South Korea shipped about 3.31 million tons to the bloc last year, of which about 2.58 million tons entered duty-free under country-specific quotas. EU posed as relief to the U.S. that has been imposing 50 percent levies on steel and aluminum imports from June last year. 

The new EU framework resets baseline quotas to 2013 import levels — well before the global oversupply cycle intensified — meaning Seoul's allocation is expected to shrink significantly.

Korean steelmakers are still reeling from the U.S. blow. POSCO and Hyundai Steel, the country's two dominant producers, are estimated to have paid a combined $281 million in U.S. tariffs between March and December 2025. Korean steel exports to the United States have since plummeted after tariffs were doubled to 50 percent in June, with demand described by industry sources as "nearly depleted." 

The pressure compounds a longer-running squeeze from cheap Chinese steel flooding global markets.

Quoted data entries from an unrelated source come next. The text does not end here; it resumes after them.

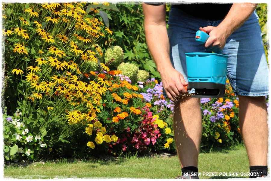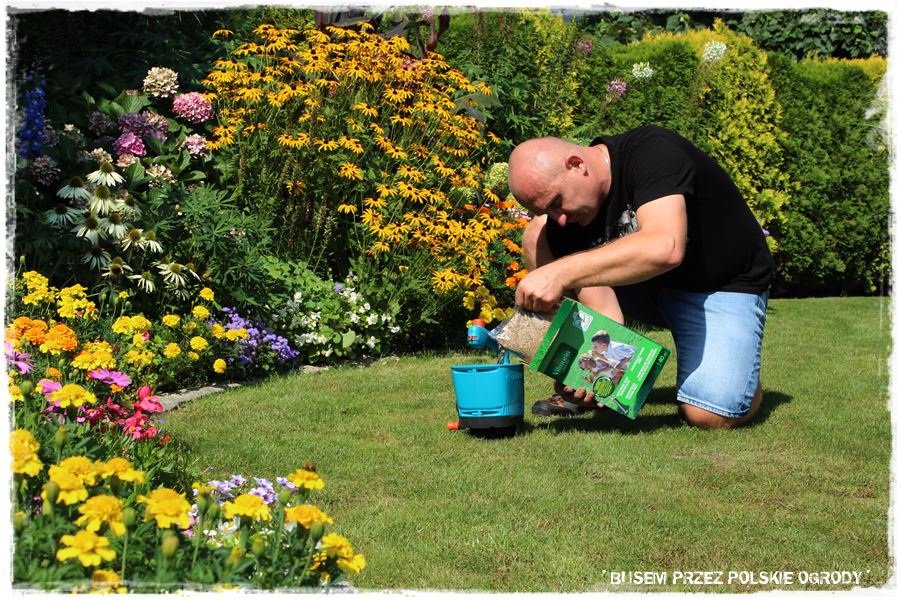Na początek postawiliśmy na prace typowo ogrodnicze, a konkretnie – sianie. A do wysiania mieliśmy mieszankę traw uniwersalnych, którą postanowiliśmy wzmocnić piękny trawnik Marysi.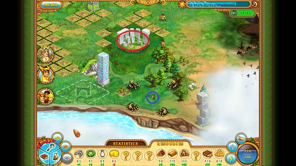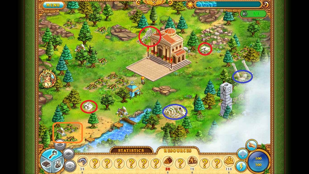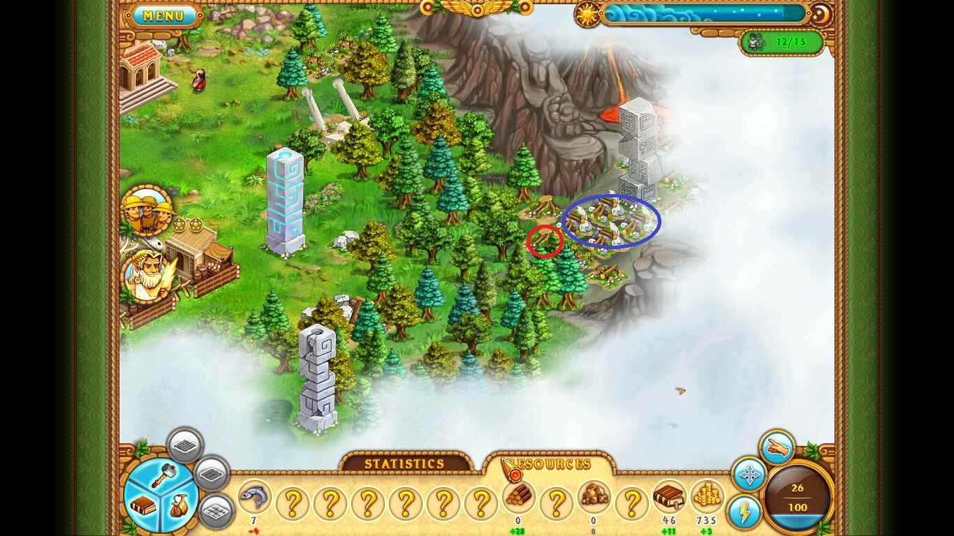 - Activate the Obelisks of the Gods and receive 20 mana. This is over on the far right. You need to remove the 4 heaps that are encircled in blue on the screenshot. There are several heaps blocking the way.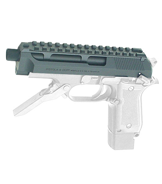 東京マルイ電動ハンドガンM93Rのスライドと交換し、上面にダットサイトやスコープが搭載可能な20mmのレイルを装備できるオプションスライドです。銃口部分には、サイレンサー用の14mm逆ネジが装備されています。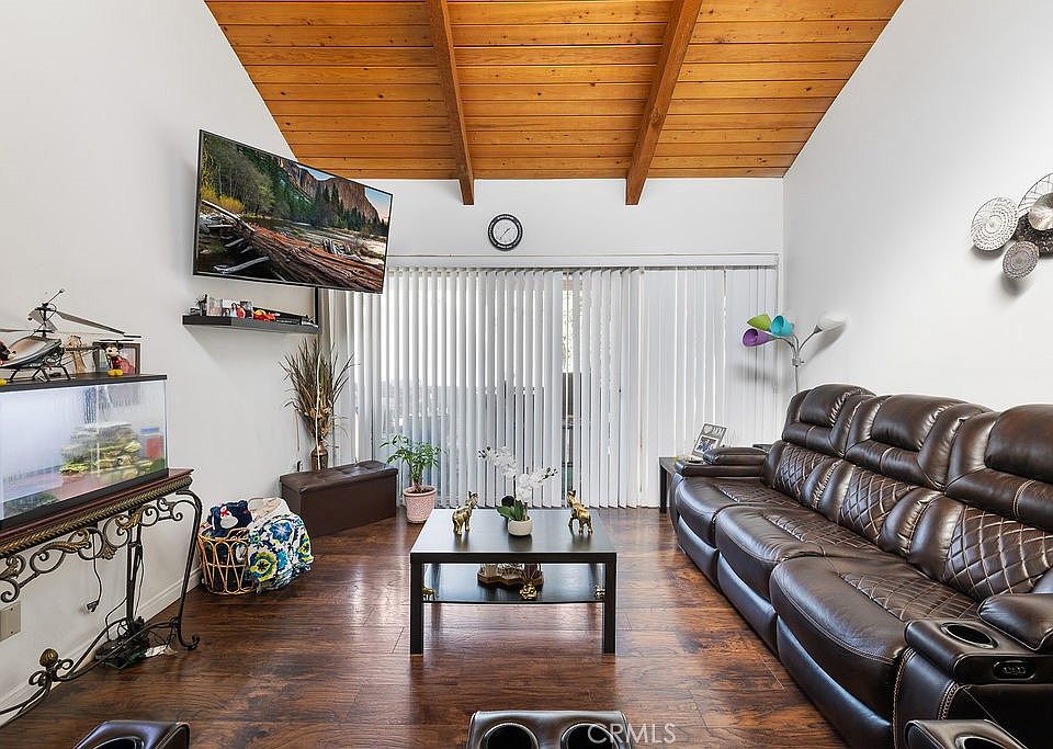 Welcome to this charming 2-bedroom, 1-bathroom condo offering 829 sq. ft. of comfortable living in the heart of Canoga Park. The home features a light-filled living room with striking wood beam ceilings, creating warmth and character. The layout includes a spacious primary suite, complemented by central A/C and heating for year-round comfort. The community offers fantastic amenities including a sparkling pool, relaxing jacuzzi, recreation room, and convenient on-site laundry facilities. Ideally located just minutes from the Topanga Mall, The Village, Costco and plenty of dining and entertainment options, this home offers the perfect blend of comfort and convenience at an incredible value.

At home, Hyundai Steel ran two rounds of early retirement programs in 2025 and permanently closed half of its rebar capacity at its Incheon plant in January, shuttering a 90-ton electric furnace as the domestic construction slump deepened. 
Hyundai Steel's Dangjin plant/ Courtesy of Hyundai Steel
Hyundai Steel's Dangjin plant/ Courtesy of Hyundai Steel
 
In November 2025, the National Assembly passed the K-Steel Act, a 570 billion won support package to fund industry restructuring and bolster exports. But with the EU now confirming the tariff overhaul that had been under discussion since last October, pressure on Seoul to secure favorable quota terms has intensified. 

"Korean steel exports to the EU were already constrained within existing quotas, with limited room to expand," said Lee Jae-yoon, senior research associate at the Korea Institute for Industrial Economics and Trade.

"With the U.S. market effectively shut and domestic demand still weak, the EU should have been a growth outlet — but these new protective measures, combined with the EU Carbon Border Adjustment Mechanism, are closing that window." 

The double tariff squeeze has nonetheless forced a strategic pivot toward the United States. POSCO acquired a 20 percent stake worth $582 million in Hyundai Steel's planned $5.8 billion electric arc furnace mill in Louisiana, with commercial production expected in 2029. 
POSCO has also signed a strategic partnership memorandum with Cleveland-Cliffs, the second-largest U.S. crude steel producer, though the company said in a March regulatory filing that no final decision on equity participation or investment size has been reached. 

The EU's move is driven by a broader structural strain. European steel capacity has shrunk by 65 million tons since 2007, with about half of that loss since 2018. The sector operates at around 67 percent capacity — well below the 80 percent considered healthy — while import penetration hit a record 29 percent in the third quarter of 2025. 

Lee said Korean steelmakers will ultimately need to pivot toward green steel to navigate the tightening trade environment. Building production facilities in Europe — unlike in the United States — holds little commercial appeal, given the continent's own supply glut.
 
Steel slabs manufactured in POSCO's Pohang Works/ Courtesy of POSCO Holdings
Steel slabs manufactured in POSCO's Pohang Works/ Courtesy of POSCO Holdings
 
"The U.S. offers higher prices, high energy costs that keep out cheap imports, and insufficient domestic capacity — making it attractive for investment," Lee said. "Europe is the opposite. It already has overcapacity, so there is little merit in setting up local production just to avoid tariffs." 

The Korean government is also moving to cushion the blow. Seoul has been in continuous contact with Brussels since the European Commission first unveiled the proposal in October, and has maintained those channels since Monday's agreement.

"We have been in constant dialogue with the EU since the initial proposal, and remain in close contact regarding the steel tariff and quota framework. No tangible agreement on Korea's specific allocation has been reached yet," a spokesperson for the Ministry of Trade, Industry and Energy said.